"Being a New Yoga Teacher", by Natalie Edwards
Teaching yoga is a continuous journey of self-discovery. When I began to teach, it was all about making sure I didn't mess anything up and ensuring that my students were safe. I was a nervous beginner teacher, as public speaking and being the centre of attention had never been something I was naturally comfortable with.
But as you begin to become more experienced and therefore more confident, you allow yourself to explore the other parts of your personality that perhaps you hadn't tapped into during your early classes and even your training. What I'm talking about here is finding your authentic voice as a teacher.
1. Show up and teach as YOU unapologetically
If there is one thing I have learnt from teaching, it's that the most important thing you need to do as a teacher is to be authentic. Show up to teach as YOU. Unapologetically you. 100% yourself. No editing for anyone. You need to be YOU so you attract the right tribe of students that you can connect with in the deepest possible way. Because, as we know and begin to learn, teaching is just one aspect of what you're doing on the mat. You're also creating a safe space for your students to open up, feel and be seen in a way that other teachers or even people close to them might not be allowing them to do. And to be open, they need to be able to be themselves, and the only way they can do that is if they feel an authentic connection to who you are.
One of the reasons I chose to train with Ana Forrest was because she presented herself as a straight talking, no bullshit teacher. One of her huge themes throughout the training was 'finding our voice as a teacher' and learning how to speak truthfully, clearly, purposefully and with projection. Each day we would do exercises that would make me cringe, like shouting teaching pieces at the top of our lungs in the style of an opera singer or worse yet, a sexy dominatrix!
2. Dive Straight In!

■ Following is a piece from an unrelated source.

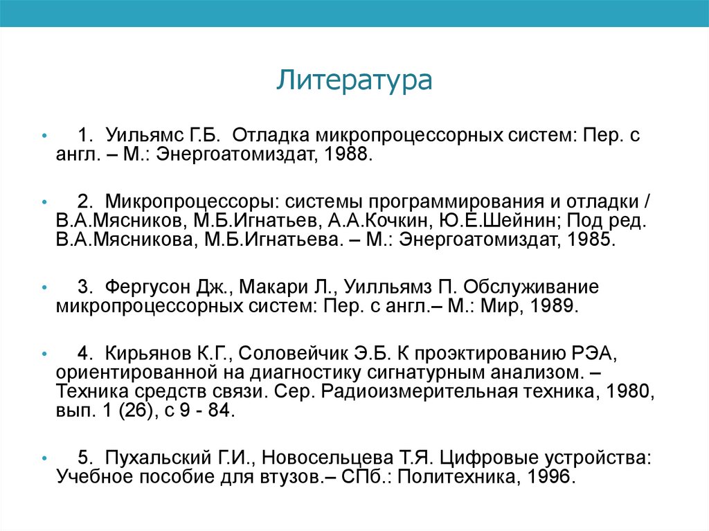 Литература1. Уильямс Г.Б. Отладка микропроцессорных систем: Пер. с

Play the Edge of Your Comfort Zone
She demanded we played with the edge of our comfort zone every single day, and for me, this method worked as there was no room to think too much about things, I just had to dive straight in. But whilst she's tough, she also has a very kind and nurturing side, and it was this mix of strength and softness that attracted me to Forrest yoga, and that's what I try and bring through in my teaching. It's allowing my students to breathe and grow whilst also helping them push through their self-limiting stuff and calling them on their moaning and any tendency they may have to quit. Ana also teaches with humour and you'll often hear her swearing like a trooper. I'm not suggesting you start slinging swear words at your students, but who made the rules that yoga has to be so serious and Sanskrit all the way through? It should be fun, so have a joke with your class, make it about playing and remind them to be kind to themselves. Remember that no matter what you have been taught, you need to bring your own unique personality and shining light to your teaching, there's no point copying another teacher word for word or following the rule book down to every last move.

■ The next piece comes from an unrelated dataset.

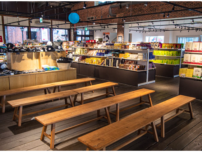 お店には珍味・スイーツ・グッズなど様々な商品が並んでおり、

3. Don't Doubt The Power of Your Voice. Trust Your Words and Your Truth
In my early days of teaching, I was always surprised by feedback I would receive. The days I doubted my words and teaching performance the most, were the days I would always have a student wander over to me at the end of a class and say how much my teaching spoke to them, and how much the class had helped them that day. So never doubt the power of your own voice, your words and your truth. Speaking from the heart takes courage but it's also the most powerful experience you can give to your students. They aren't just coming to your classes to sweat and chill out, they are coming to listen to what you have to say, and your ability to tune into their energy will grow each time you teach so that you can be receptive to your students' needs. Sometimes you'll feel the need to speak more to cue beginners or keep the energy up in the room for instance, other times, silence will be your friend, and don't be afraid of those silent moments, as they are allowing your students the space to process what you have just told them.
Teaching with authenticity means to teach whole-heartedly every single time. It means teaching on purpose and with passion at every single class. It means not having to compromise who you are and what you have to offer your students for anyone.

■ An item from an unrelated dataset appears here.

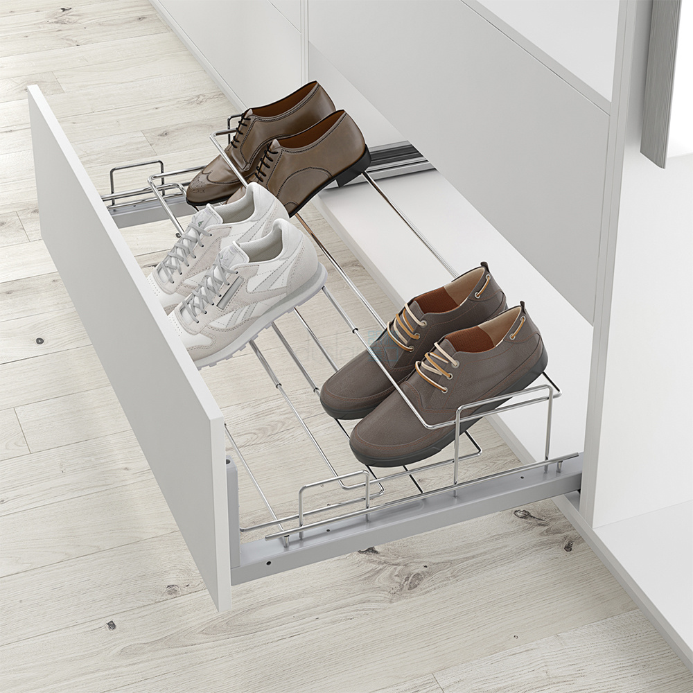 • По сравнению с обычной полкой обувница выдвигается и обеспечивает удобный и быстрый доступ к хранимой обуви.

If you've been struggling to find your voice lately, as a teacher or in any other area of your life, ask yourself now, what would that look like for you to be able to teach and speak in that way? What would that FEEL like? Does it scare you? If so, ask yourself why you're afraid to be who you really are. It's scary to put yourself out there, but if fear is the only thing holding you back from teaching in the way you actually want to, you're never going to progress. Because really, the only thing you're scared of is yourself.
Many of us are scared of the sound of our own voice and especially when we are new to something, we are scared of truly being seen, for fear of making mistakes or perhaps saying something we feel some people might class as taboo. But sharing your stories and speaking in a way that makes it easy for your students to relate to you, is more powerful than anything. Showing vulnerability as a teacher, and throughout anything that you do, makes you a more authentic and honest person, rather than a 'perfect', can-do-no-wrong yoga teacher that people feel intimidated by. So start by becoming heart-centred, lean into your fear, and get really curious about how powerful your natural intuition and message really is. As soon as you begin to speak from the heart, that's when you tap into your most true, most powerful and most authentic voice.